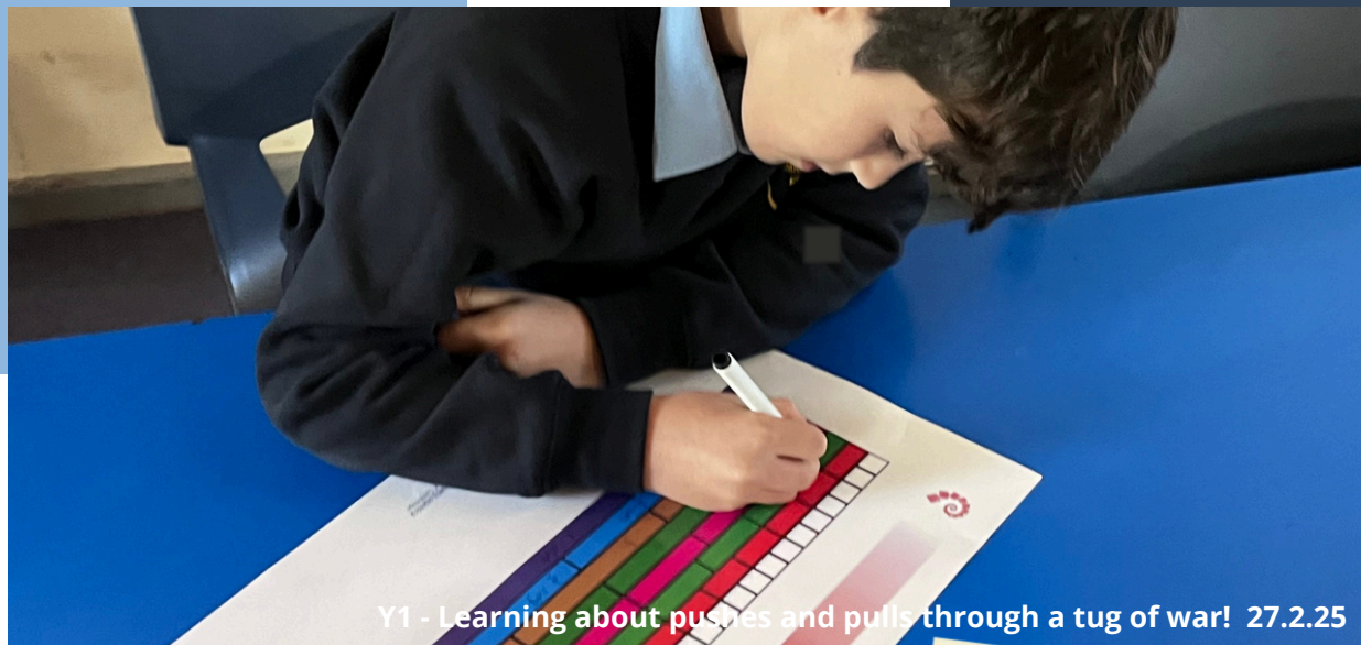
Y1 - Learning about pushes and pulls through a tug of war! 27.2.25
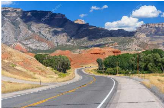
Big Horn Scenic Byway

Day Ten: Big Horn Battlefield, Custer's Battlefield Museum, the Bighorn Scenic Highway through Shell Canyon including a stop at Shell Falls and hopefully, dinner at Lisa's in Greybull are on today's itinerary. Shell Canyon cuts through three distinct rock layers ranging back 500 million years! The area was once part of the ocean hence the vast number of shells found over the years. Lisa's? Paula and I have made this restaurant a destination whenever we are anywhere nearby...best steaks ever and observing the local cowboys and cowgirls in full costume is a real hoot!
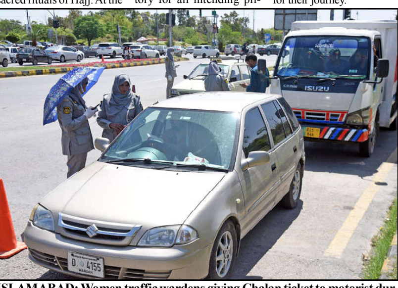
ISLAMABAD: Women traffic wardens giving Chalan ticket to motorist during checking people drives without wearing safety belt, at 9th Avenue in the Federal Capital.

The second phase of Hajj training will continue from April 15 to 30, 2024, he said adding that during this period, participants would receive comprehensive guidance on various aspects of the pilgrimage, ensuring that they are well-prepared for their journey.
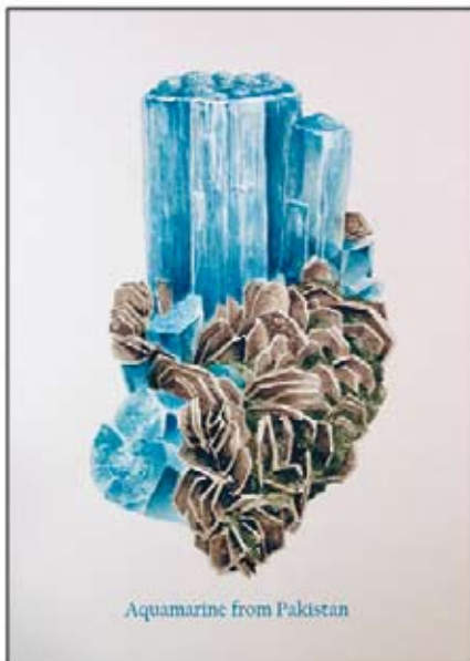
Aquamarine from Pakistan
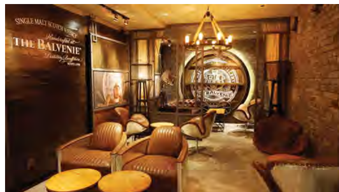
Weld Quay Whisky is located at Ground Floor, 49-H, Pengkalan Weld, 10300 George Town, Penang.
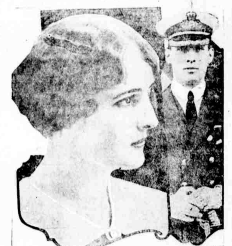
QUEEN ELIZABETH AND KING GEORGE OF GREECE
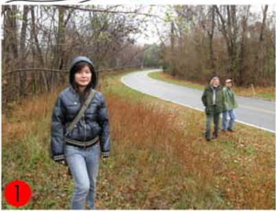
1 THE PROPOSED TRAIL WILL CROSS SKYLINE DRIVE
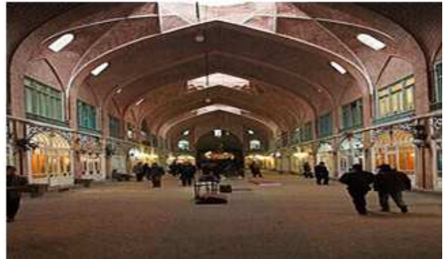
Fig. 1 Longitudinal Bazar

Undersigned or irregular expansion (no thinking and based on the need of the time) and organic (automatic) [1] Longitudinal or linear markets (form along with an axial passage in the form of corridor. Multi-axial markets (like an extensive market of parallel and junction passages with several axes)

------------------------------------------------

_Brief_
Would you transcribe all of the data exactly, apart from its pictures?

_Answer box_
Y1 - Learning about pushes and pulls through a tug of war! 27.2.25
Big Horn Scenic Byway

Day Ten: Big Horn Battlefield, Custer's Battlefield Museum, the Bighorn Scenic Highway through Shell Canyon including a stop at Shell Falls and hopefully, dinner at Lisa's in Greybull are on today's itinerary. Shell Canyon cuts through three distinct rock layers ranging back 500 million years! The area was once part of the ocean hence the vast number of shells found over the years. Lisa's? Paula and I have made this restaurant a destination whenever we are anywhere nearby...best steaks ever and observing the local cowboys and cowgirls in full costume is a real hoot!
ISLAMABAD: Women traffic wardens giving Chalan ticket to motorist during checking people drives without wearing safety belt, at 9th Avenue in the Federal Capital.

The second phase of Hajj training will continue from April 15 to 30, 2024, he said adding that during this period, participants would receive comprehensive guidance on various aspects of the pilgrimage, ensuring that they are well-prepared for their journey.
Aquamarine from Pakistan
Weld Quay Whisky is located at Ground Floor, 49-H, Pengkalan Weld, 10300 George Town, Penang.
QUEEN ELIZABETH AND KING GEORGE OF GREECE
1 THE PROPOSED TRAIL WILL CROSS SKYLINE DRIVE
Fig. 1 Longitudinal Bazar

Undersigned or irregular expansion (no thinking and based on the need of the time) and organic (automatic) [1] Longitudinal or linear markets (form along with an axial passage in the form of corridor. Multi-axial markets (like an extensive market of parallel and junction passages with several axes)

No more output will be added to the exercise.